From a purely chronological standpoint, the original, 1750 version of Gluck’s Ezio is a pre-reform opera. A performance as carefully curated and persuasive as Odyssey Opera’s, however, proves how deceptive chronological classifications can be. Despite the formulaic procession of recitatives and da capo arias, the music serves the drama precisely in the way outlined in the 1769 preface to Alceste, “without chilling it with useless and superfluous ornamentation”.

Thanks to director Joshua Major, conductor Gil Rose, and an accomplished cast, vocal pyrotechnics are wed to the dramatic situation banishing the static and mechanical from a genre all too prone to both. Repeats and their ornamentation are never perfunctory. At times, they sharpen and deepen an emotion or compound the tension between the private and the public; between love, jealousy, or revenge and duty and honor. At others, they serve to take the listener – both onstage and in the audience – by the lapels, as if to say, “Don’t underestimate me or downplay what I said before. I mean business!”

As Gluck’s music served the poetry, so the production served the drama. Joshua Major’s staging respected the inherently vocal nature of opera seria, keeping movement and gestures to a motivated minimum. Characters’ movements were tied to changes in the emotional import of the music; gestures were restrained and to the point. He allowed the conflicting loyalties and emotional entanglements of Metastasio’s prolix plot to sing for themselves.

Costumes and sets were similarly uncomplicated and restrained. Jiang Jung’s unit set of dark-colored moveable panels, square columns, and cubes shifted easily to confect abstract public and private spaces within and between acts. Rachel Padula Shufelts mixed the Roman – women gowned in pastels styled after the traditional stola and limbus, Valentiniano in full imperial purple and crowned with a gold laurel wreath – and the 19th century with Ezio and Varo in grey, double-breasted military frock coats accented with sashes or cinctures, blousey pants tucked into high, laced boots and the scheming patrician, Massimo, clad all in vaguely Victorian black.
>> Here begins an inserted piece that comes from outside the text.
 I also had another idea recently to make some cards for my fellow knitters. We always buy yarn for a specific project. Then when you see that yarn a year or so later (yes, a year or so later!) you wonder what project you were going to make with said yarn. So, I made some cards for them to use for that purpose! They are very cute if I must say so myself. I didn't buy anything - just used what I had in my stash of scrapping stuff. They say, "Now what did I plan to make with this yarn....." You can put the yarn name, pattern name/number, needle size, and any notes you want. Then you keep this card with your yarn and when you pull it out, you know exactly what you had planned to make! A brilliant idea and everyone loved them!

Gluck cast castrati in the roles of Valentiniano and Ezio. Gil Rose chose countertenor Randal Scotting for the first and mezzo Brenda Patterson for the second. Scotting towered over his fellow castmates as befits an emperor. Initially tentative and a bit rough, Scotting’s distinctive timbre and limpid, pliant voice stood him apart as well, once he warmed up. Though Ezio is the title character, he gets short shrift from both Gluck and Metastasio. Fulvia and Massimo have all the best music and dramatically he rarely acts, more often being acted on. Brenda Patterson, assertive and convincingly masculine, made the most of this low-lying part.
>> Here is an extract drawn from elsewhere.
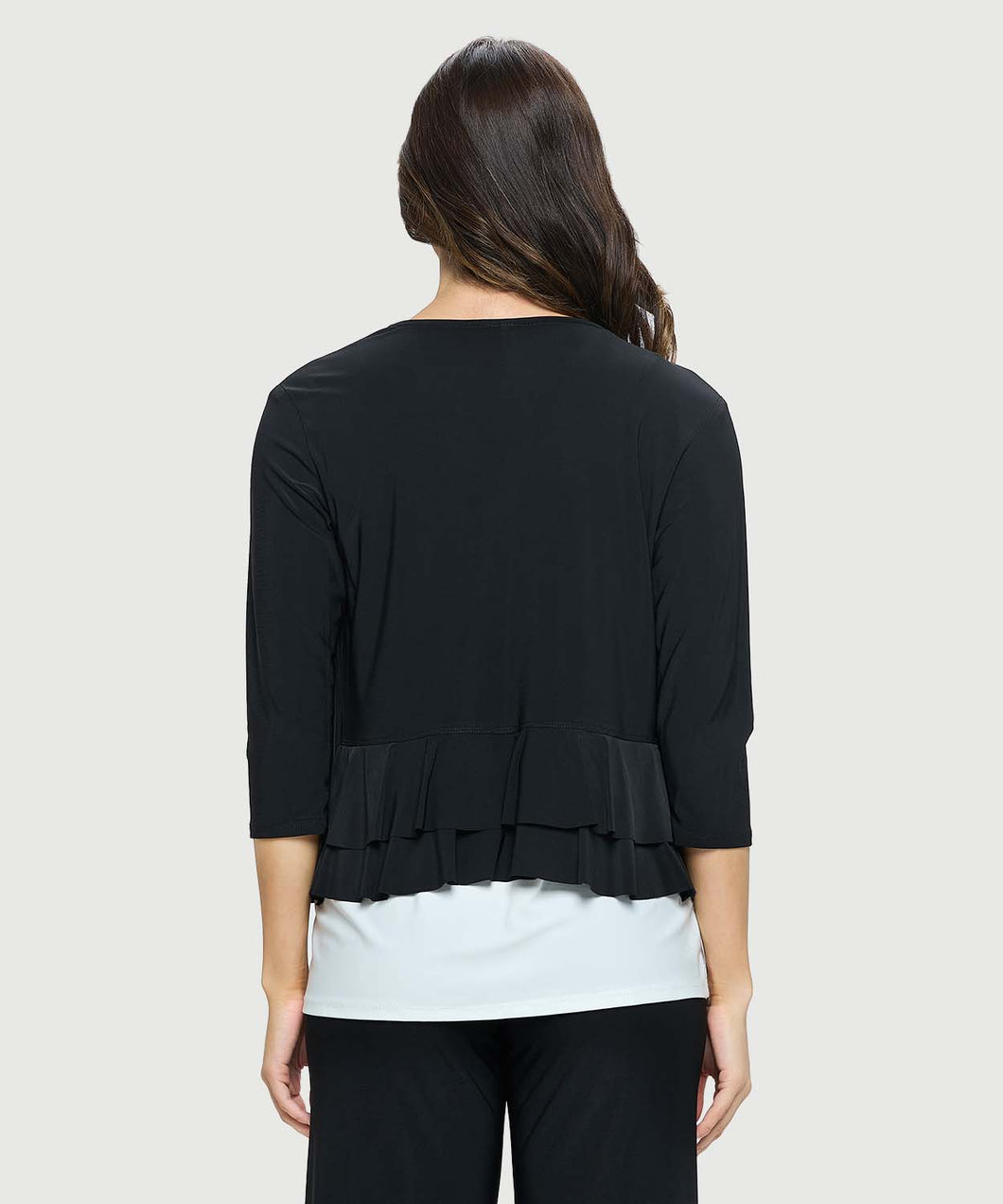 DETAILS: Open Front Jacket, Ruffle Panel Detail, Elbow Sleeve

Massimo is determined to exact revenge on the emperor for the attempted seduction of his wife, not hesitating to sacrifice his daughter, Fulvia, or Ezio as pawns to that end. Iago-like he sets the plot in motion, taking the lead role while deftly directing his players. Yet he is plagued with doubts and reservations about the consequences of his actions. Diamond sharp diction, elegant, accurate singing, and sensitive phrasing allowed William Hite to meet every vocal and dramatic challenge, most prominently in Act I’s lyrical “Se povero il ruscello” (later recycled as Orfeo’s “Che puro ciel”) which began as an innocent pastoral then morphed into a venomous, insinuating whisper in its repeat.

Fulvia’s arias are the most elaborate, emotionally varied, and musically taxing of any character. It is not an easy sing, but it certainly seemed so with Jennifer Holloway in the role. Pinpoint precision in passagework and total immersion in her character transformed every aria into a revelatory emotional odyssey. Fulvia’s final aria, delivered on a darkened stage save for a shaft of light illuminating her, alone downstage right almost at the lip, was mesmerizing.

Soprano Erica Petrocelli sang Onoria, Valentiniano’s sister. Though still a student at the New England Conservatory, she made an impression with her unusual but alluring timbre and robust singing. It will be interesting to see how the promise shown here is fulfilled. Jesse Darden’s Varo was equally capable. Gil Rose, leading an orchestra of modern instruments, favored brisk tempi but his reading was detailed and lithe as well as lively, always supporting his singers.

Metastasio was of two minds about Gluck. On the one hand he admired his “surprising fire” on the other he thought him completely “mad”. Yet, of the more than 36 settings of his libretto, including one by Handel, it is Gluck’s which endures. Thanks to Odyssey Opera, we who saw their Ezio now know why.